## What needs to be done
Using the entries below, copy exactly each line from the line with "上面是术前的她,双眼皮不对称" up to and including the line with "大金龍房車型獻血車開進世博園區(qū)受到各界關(guān)注", with every picture left out.

## Input data
:::::
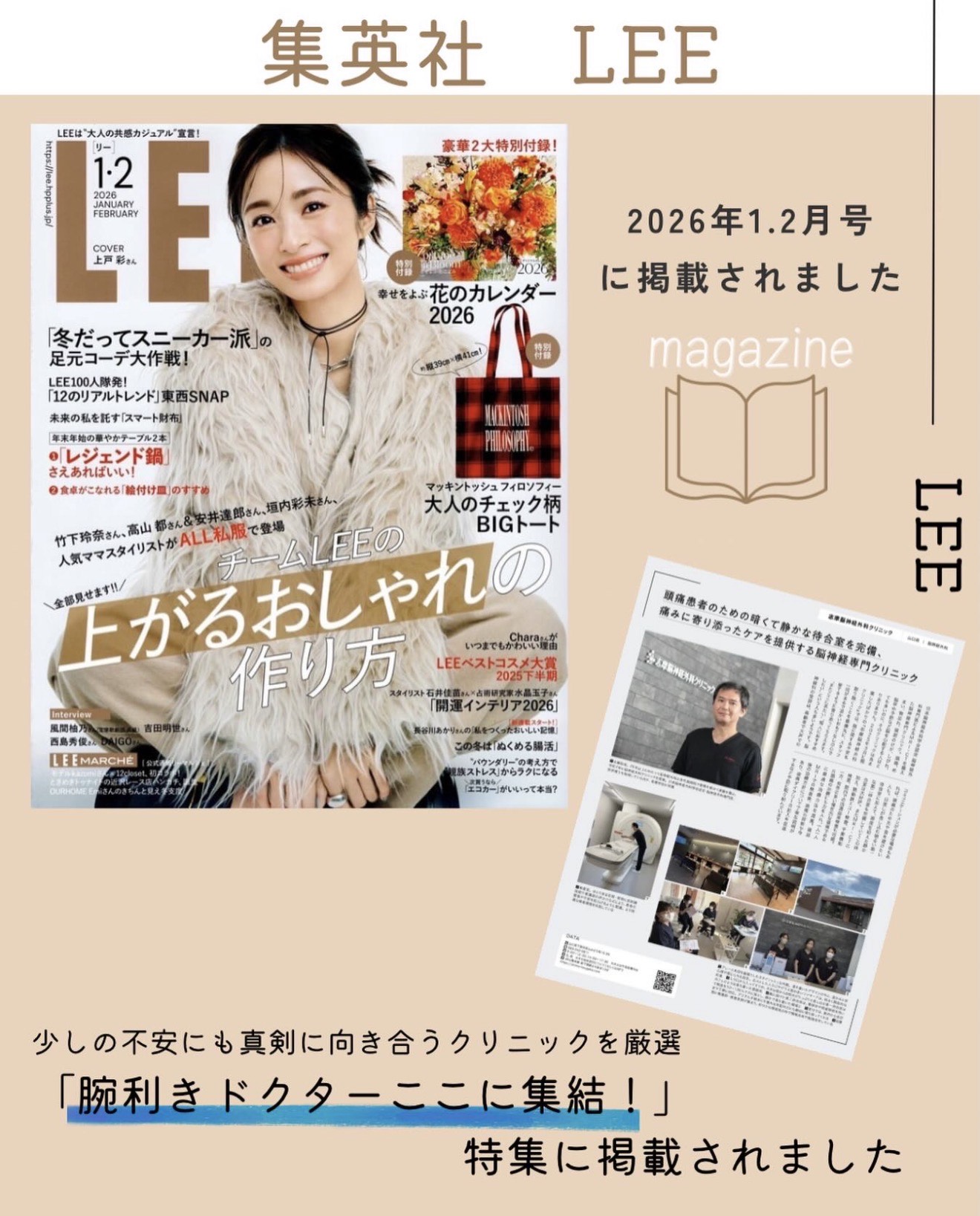 2025年12月5日発売の女性誌『LEE(リー)』1・2月合併号(集英社)に、当クリニックが掲載されました。
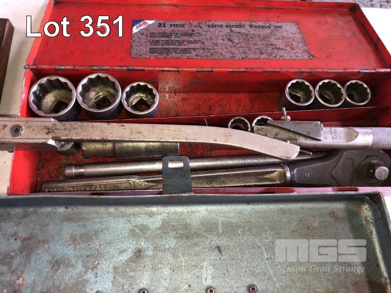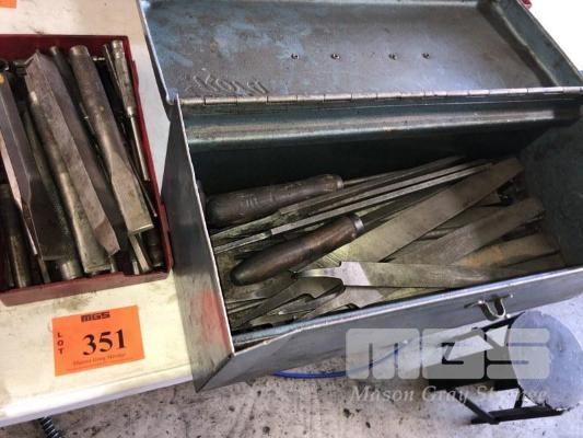 ASSORED CHISELS, 3/4" DRIVE, SOCKETS, 3/4" TENSION WRENCH & TOOL BOX OF FILES
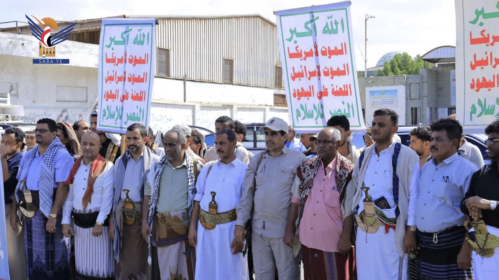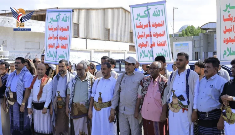 وفي الوقفة، أكد وكيل أول المحافظة أحمد البشري أن التلاحم بين صنعاء وطهران وبيروت وغزة والعراق قد حطم كافة رهانات الحرب النفسية وآلة التضليل الصهيونية.. مشيراً إلى أن وعي الشعب اليمني يمثل الصخرة التي تتحطم عليها كافة المؤامرات.
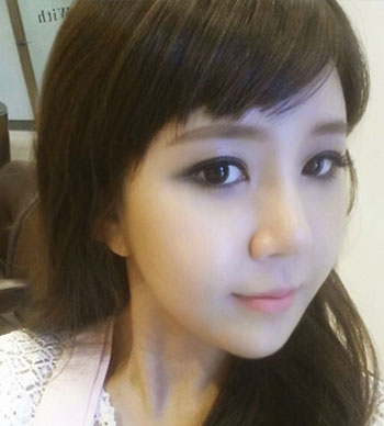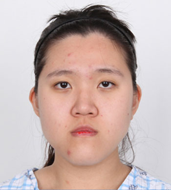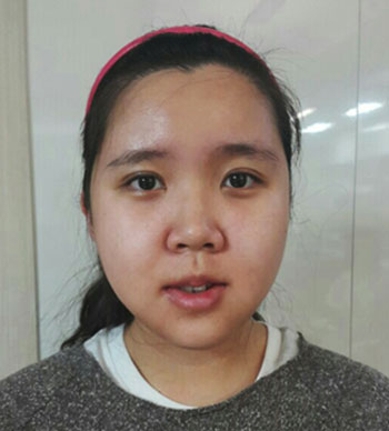 上面是术前的她,双眼皮不对称而且也明X,显得眼睛很小。鼻子扁平没有型,脸也很长,下巴不对称等等,真的是所有的缺点集于一身。
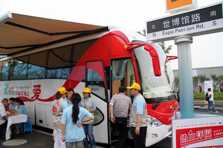 大金龍房車型獻血車開進世博園區(qū)受到各界關(guān)注
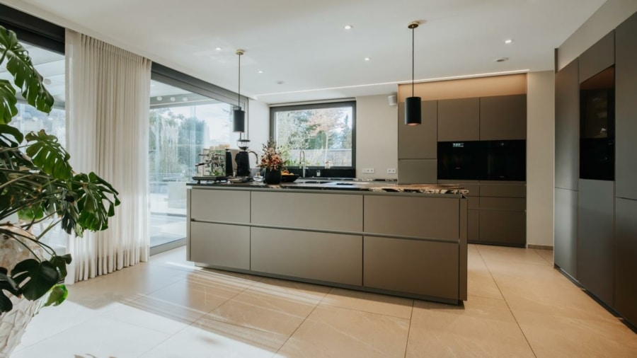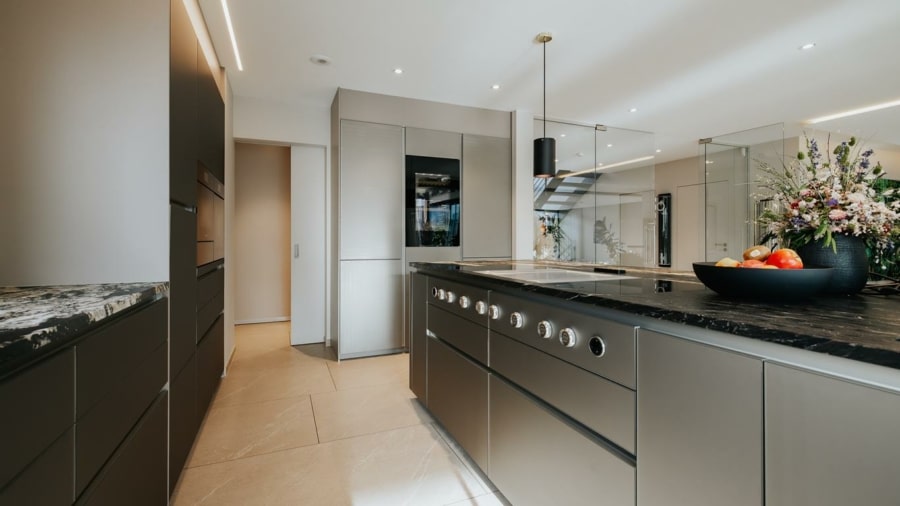 Die offen gestaltete Küche überzeugt durch eine zeitlose Linienführung, hochwertige Materialien und eine ruhige Farbwahl. Großzügige Arbeitsflächen, eine Kücheninsel und flächenbündige Einbauten sorgen für ein aufgeräumtes Gesamtbild. Ausgestattet mit einem Bora Professional Kochsystem inklusive Tepan-Edelstahlgrill und Echtstein-Arbeitsplatte erfüllt sie höchste Ansprüche. Bodentiefe Fenster verbinden den Kochbereich mit dem Außenbereich; zudem besteht ein direkter Zugang zur Garage und zum Abstellraum.
:::::
## Expected answer
 上面是术前的她,双眼皮不对称而且也明X,显得眼睛很小。鼻子扁平没有型,脸也很长,下巴不对称等等,真的是所有的缺点集于一身。
 大金龍房車型獻血車開進世博園區(qū)受到各界關(guān)注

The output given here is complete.